Konzept & Organisation: Markus A. Castor (DFK Paris), Martin Schieder (Universität Leipzig), Marlen Schneider (Université Grenoble Alpes/LARHRA).

„Meine Kinder, ich warne euch: Das bin nicht ich. An einem Tage hatte ich hundert verschiedene Gesichter, je nach den Umständen, von denen ich betroffen war. Ich war heiter, traurig, verträumt, zärtlich, heftig, leidenschaftlich, enthusiastisch; aber nie war ich so, wie ihr mich hier seht.“ Mit diesen Worten empörte sich Denis Diderot über sein eigenes, von Louis Michel Van Loo gemaltes Portrait, das 1767 im Salon der Académie royale de peinture et de sculpture ausgestellt wurde. Seine Kritik spiegelt die oft widersprüchlichen Herausforderungen der Portraitkunst im 18. Jahrhundert wider: Als Mittel sozialer Distinktion, als Gegenstand des Andenkens, oder als Ausdrucksträger von Gefühlen sollte das Portrait dazu dienen, sowohl die Persönlichkeit des Individuums als auch dessen Rang in der Gesellschaft zu erfassen.
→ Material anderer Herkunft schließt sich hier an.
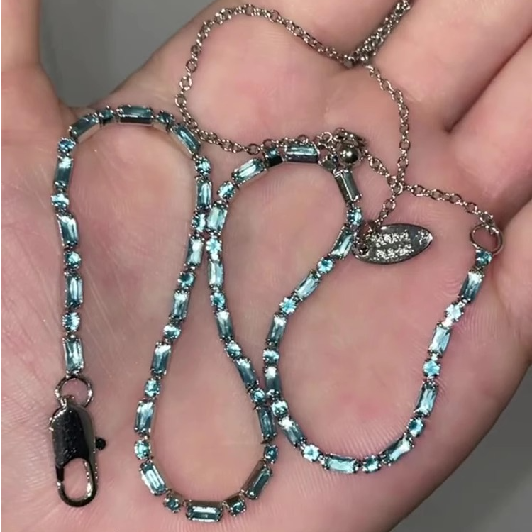 蓝色仿锆石项链女款高级感轻奢小众甜酷辣妹风锁骨链2025新款爆款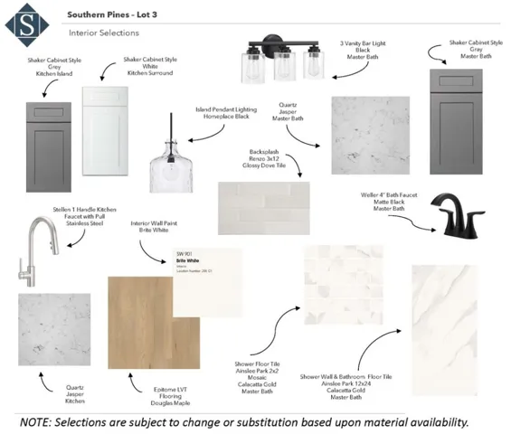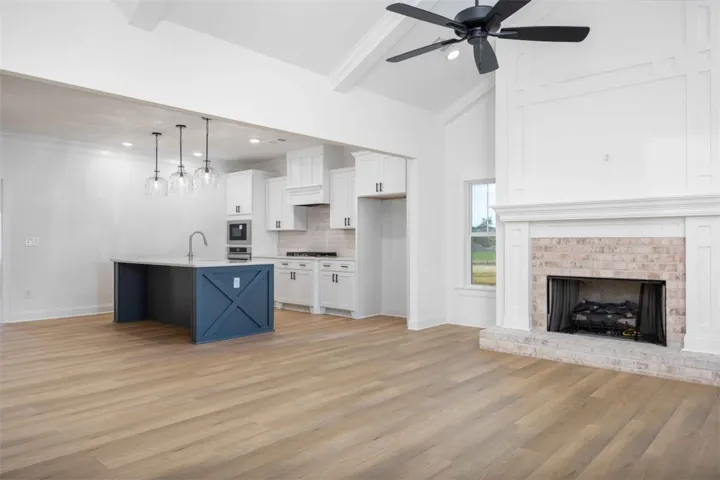 This home offers a crisp, modern feel with a layout that keeps everything open, bright, and functional. The heart of the home is the kitchen, featuring a charcoal-blue island with X-panel detailing, white quartz countertops, shaker cabinetry, clear glass pendants, and a subway tile backsplash. The kitchen blends effortlessly into a generous living area wrapped in natural light and centered by a tall, custom-trimmed fireplace with a soft-washed brick surround. Wide-plank flooring brings warmth throughout the main spaces and ties the entire design together.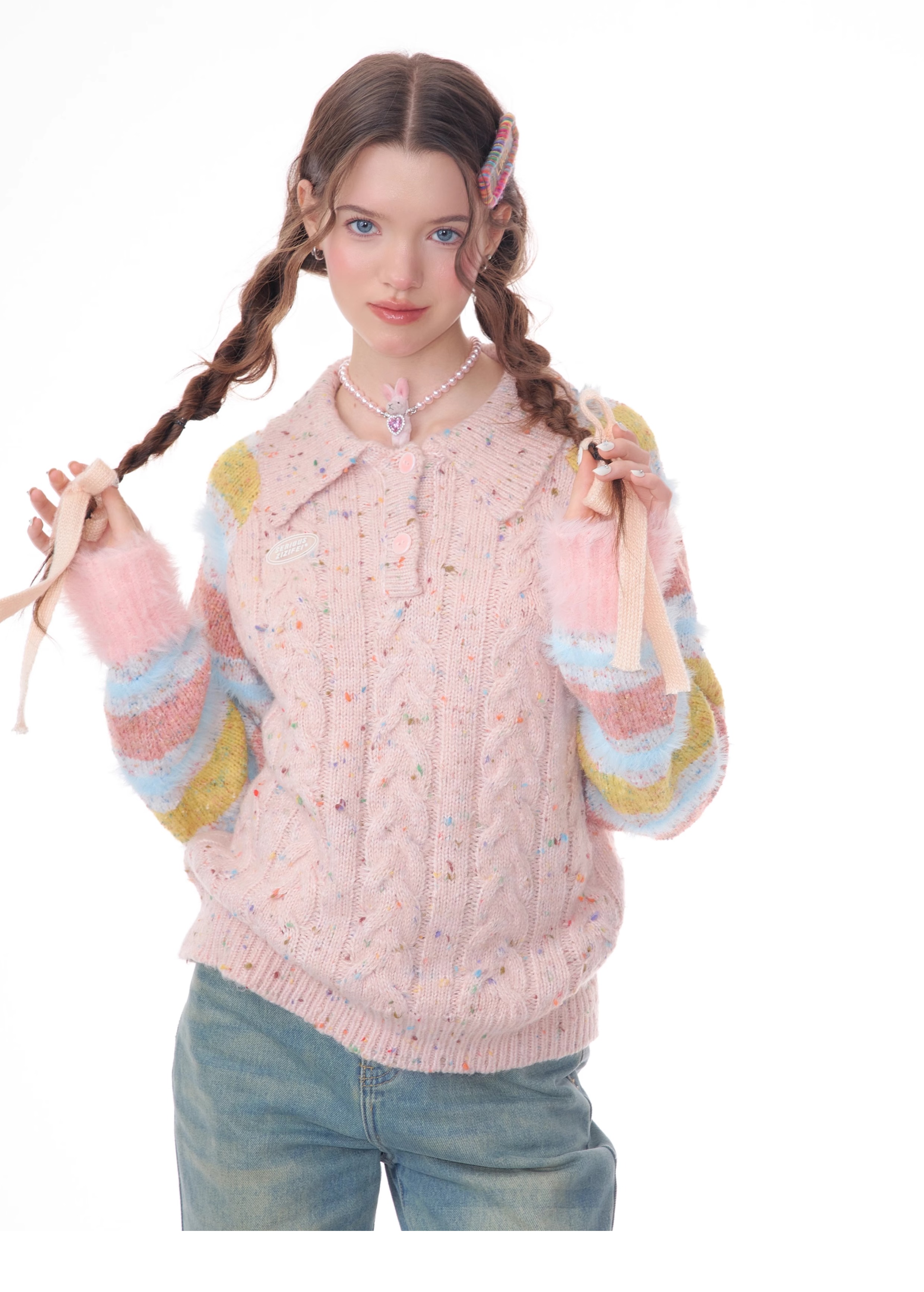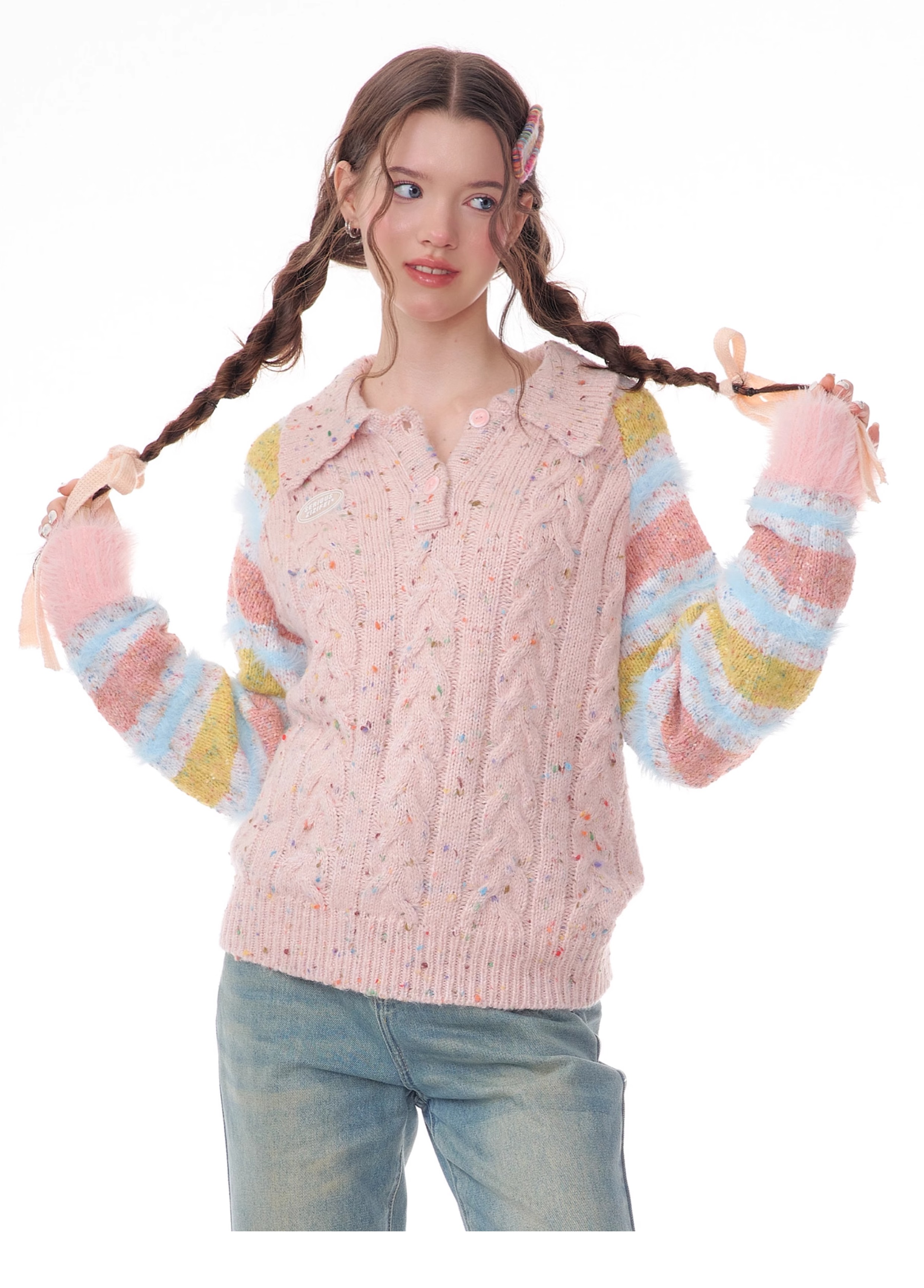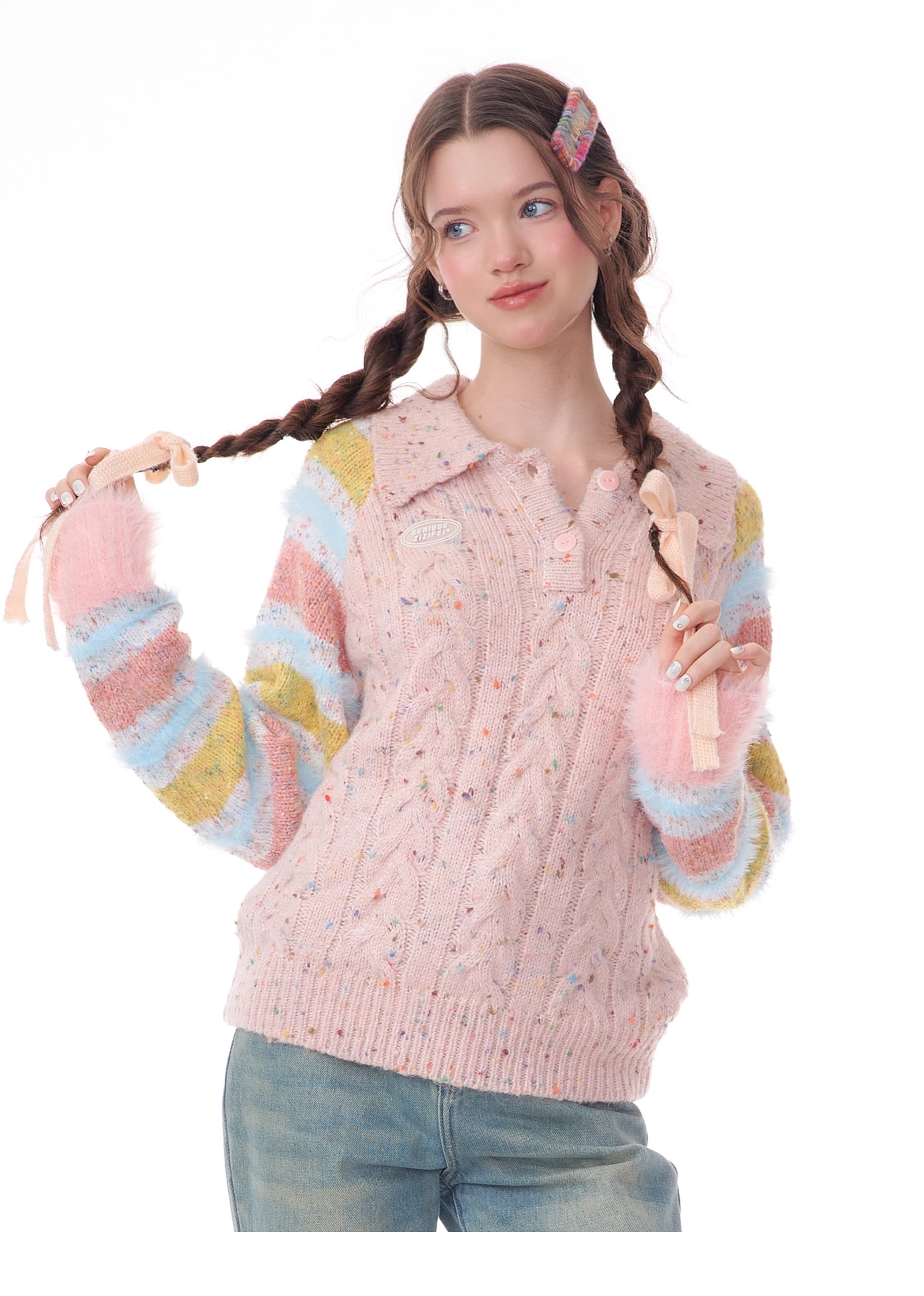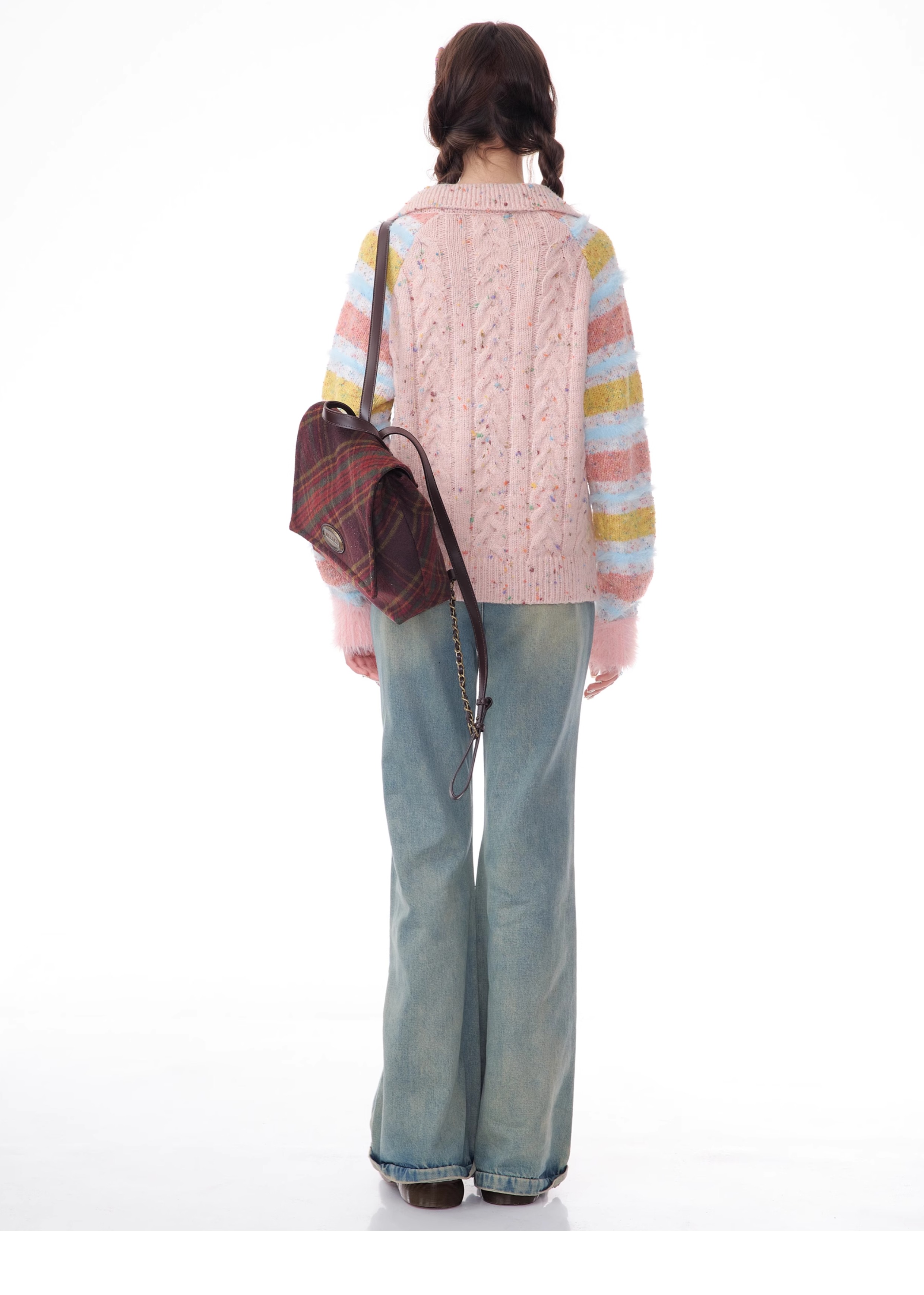 Suéter tipo polo con empalme trenzado, diseño retro de cera suave y cálida para otoño/invierno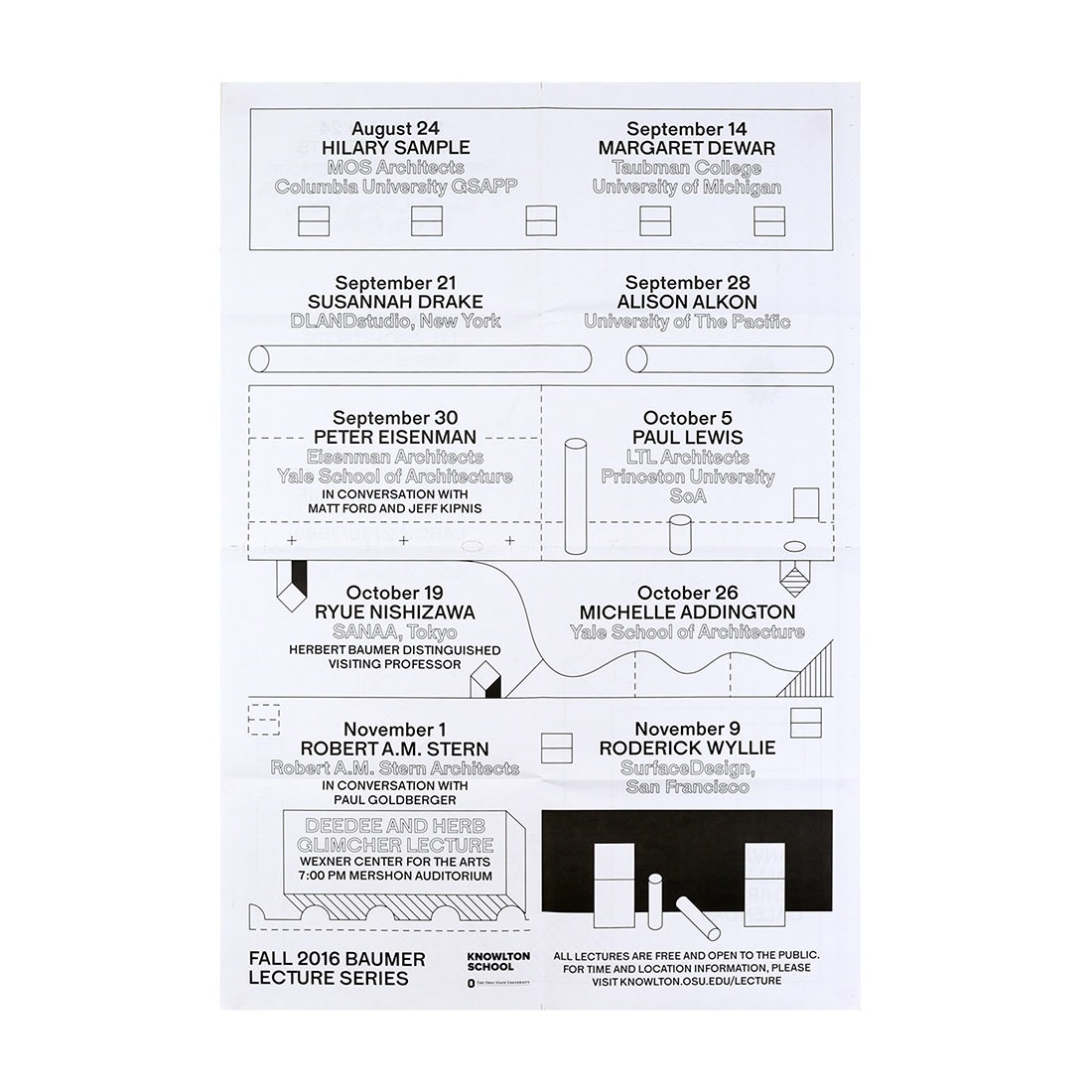 Knowlton School Lecture Series, posters and graphics for the Knowlton School of Architecture Baumer Lecture Series.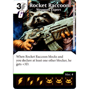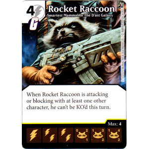 Brutal este personaje en un equipo de limitado, coste bajo, buenos números y todo en su versión común. Cuando Rocket ataque acompañado de otro personaje gana +2A, lo cual nos da bastante ventaja, ya que puede estar en mesa bastante pronto y sólo tienes que tener un sidekick para que ataque con él. Encaja tambíen bien en un equipo de Guardianes de la Galaxia, junto con Groot, Starhawk, Gamora…. Tiene varias posibilidades tanto en limitado como en cosntruido. Sus versiones infrecuente y rara no las jugaría, le veo mucho más potencial a la común, lo que está muy bien, porque es más fácil que todo el mundo tenga su copia!.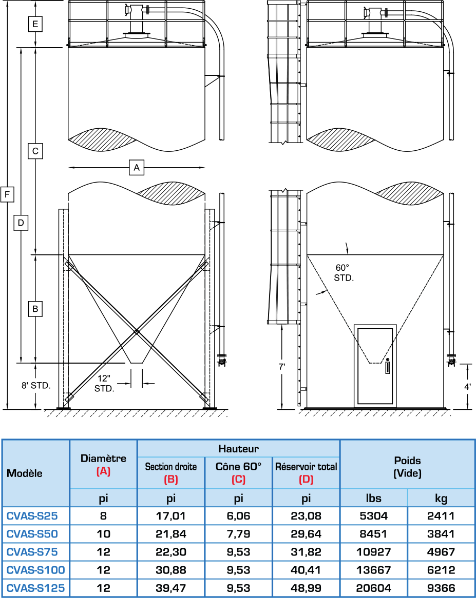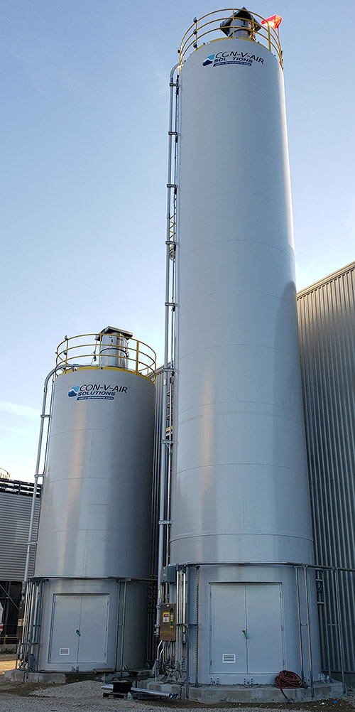 Avec plus de 37 ans d'expérience dans la conception et la fabrication de silos, CON-V-AIR et CAMFAB forment une synergie qui allie ingénierie, conception et fabrication pour des applications standards ou sur mesure. Sa construction robuste rend notre silo durable et solide pendant le transport, l'installation et le fonctionnement. Les systèmes d'entreposage de CON-V-AIR sont optimisés pour une capacité de stockage maximale sur site tout en minimisant l'espace requis. La conception CON-V-AIR propose des silos soudés et boulonnés qui peuvent être livrés équipés d'accessoires de taille appropriée tels que des systèmes d'activation de produit et de dépoussièrage.

Mehr noch, zu den antagonistischen Prinzipien der Ähnlichkeit und der Idealisierung trat die Erwartung hinzu, dass das Portrait von hoher künstlerischer Qualität sein müsse, was ihm nach Diderot seine eigentliche Bedeutung für künftige Generationen verleihe: „Das von einem Schmierfinken zusammengeschusterte Portrait stirbt mit der Person, dasjenige eines kunstfertigen Mannes bleibt für immer.“
Tatsächlich war die Portraitkunst in den Jahrzehnten zwischen dem Höhepunkt des Absolutismus und den politischen, sozialen und intellektuellen Umwälzungen der Revolutionszeit von einem außergewöhnlichen künstlerischen Reichtum gekennzeichnet. Das Portrait wurde zum Spiegel einer sich wandelnden Gesellschaft, zum Ausdrucksmittel einer bis dahin unbekannten „Physiognomisierung“ der Öffentlichkeit (Willibald Sauerländer). Könige, der Adel der Hauptstadt und der Provinzen, wohlhabende Bürger, Künstler und Intellektuelle, Männer, Frauen und Kinder wurden mit einer bis dato ungekannten Variabilität dargestellt, je nach ihrem Geschlecht, sozialen Status und nach den Aufgaben und Funktionen des Portraits. Zwischen machtpolitischer Demonstration und Darstellung persönlicher Gefühlslagen, zwischen verschönernder Maskerade und wahrheitsgetreuer Ähnlichkeit schwankend, existierten zeitgleich die unterschiedlichsten Formen der Darstellung und waren einem ständigen Wandel unterworfen, der von einer Ausdifferenzierung des Geschmacks und der Moden begünstigt wurde. Ebenso trugen die Veränderungen auf dem Kunstmarkt sowie die allmähliche Etablierung öffentlicher Ausstellungen zur Vielfalt der Portraitkunst bei, institutionelle Kodifizierungen wichen außerakademischen Urteilen. Nicht zuletzt zeugt die mit der „niederen“ Gattung erblühende Porträtkritik von dem Spannungsfeld zwischen den gesellschaftlichen Funktionen der Bildnisse einerseits und einem künstlerisch-autonomen Anspruch andererseits – eine Polarisierung, die wesentlich zur Dynamik des Porträts beigetragen hat.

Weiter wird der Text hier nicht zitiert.